Christine Lindberg and family

July 5, 2015


parker started a new protocol this week. we're calling it the pretty pill protocol because, well, the pills are pretty. it is called Sporanox. There is always anxiety about starting or adding any new med into treatment because often symptoms get a lot worse before they get better. as purdy as these pills look, they look extra scary for a few reasons.

first, because he's never been on them before so we have no idea how his body will react. second, his doctor is using these pills as part of a protocol to target mycotoxin issues in his brain, sinuses and lungs. treating these can be tricky and we know the die-off (herxing) could be intense.

i'm posting about this because i would love to get feedback from any other lyme or mold or biotoxin illness warriors out there that have 'been there, done that'.

speaking of been there, done that - 

i am working on a post to update you all on Parker's LDI Immunotherapy . he began this treatment therapy about 11 weeks ago now. i posted about it here. i have had a few emails and inquiries from folks asking how things are progressing on this treatment. i am so sorry that i have been slow to respond to inquiries and in posting an update! i know there are many people in the Lyme community researching this treatment and anxiously waiting to hear if it is working for those that are undergoing it.

here's the reason for the delay - parker had a very severe flare and got very ill within 24 hours of receiving his first dose of LDI. he was essentially bed ridden for the six weeks following his first dose. his medical team was baffled by his intense response as he was given the minutest dose. the tricky thing has been trying to figure out if the LDI Immunotherapy was just a contributing factor or the cause of his flare. i haven't wanted to post an update until i felt like we had a clearer understanding of where things sat with this therapy or even if his medical team would continue to utilize this treatment for him. 

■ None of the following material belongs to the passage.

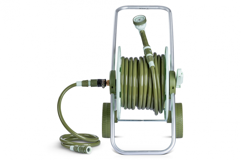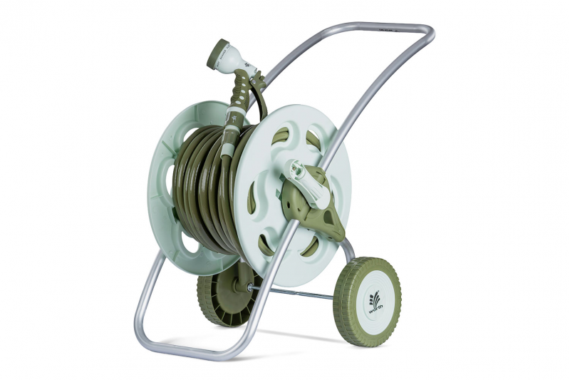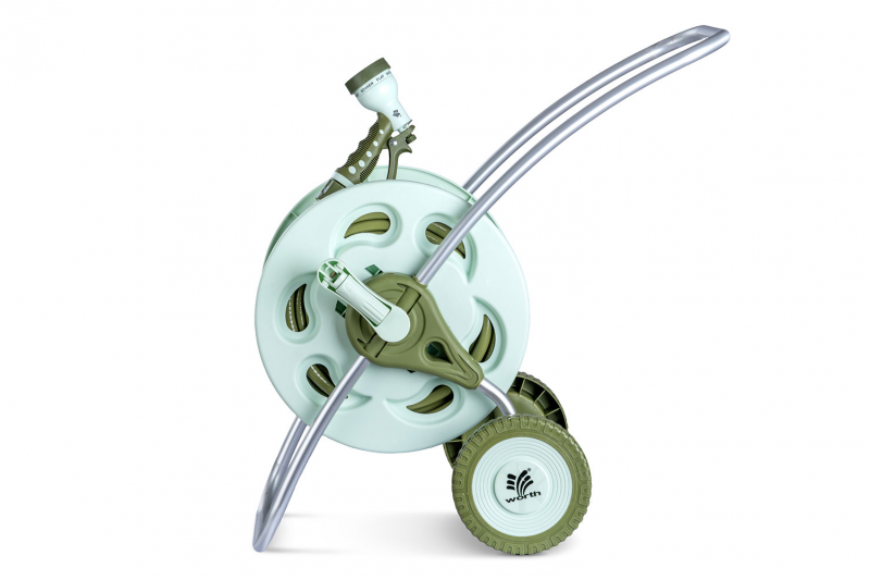 التصميم: عبارة عن عربة بكرة خرطوم متحركة (Hose Reel Cart) مزودة بعجلتين ومقبض، لسهولة النقل والمناورة.

at this point, his medical team believes the LDI contributed to the downward turn in his condition but (as per usual with lyme), there are about a million and one variables that may or may not have made things worse for him! we are still sifting thru all the 'rubble' but DR H did feel it was important and vital for him to continue with LDI Immunotherapy. so he received his second dose about 3 weeks ago. he did have a flare of symptoms again - but it was less intense and only lasted about a week. the past two weeks have been a bit better for him. we are hopeful this is a good sign that his body is having a favorable response to the LDI. albeit, now that he's feeling a bit better it makes starting the pretty pill protocol a whole lot less appealing - especially considering dem purdy pills could make him feel less than stellar.

 i promise i will be posting a more detailed and specific post of his journey with LDI in the coming weeks and months - just waiting til he's had a few weeks under his belt with this second dose in his system to render any judgements or opinions on this treatment protocol!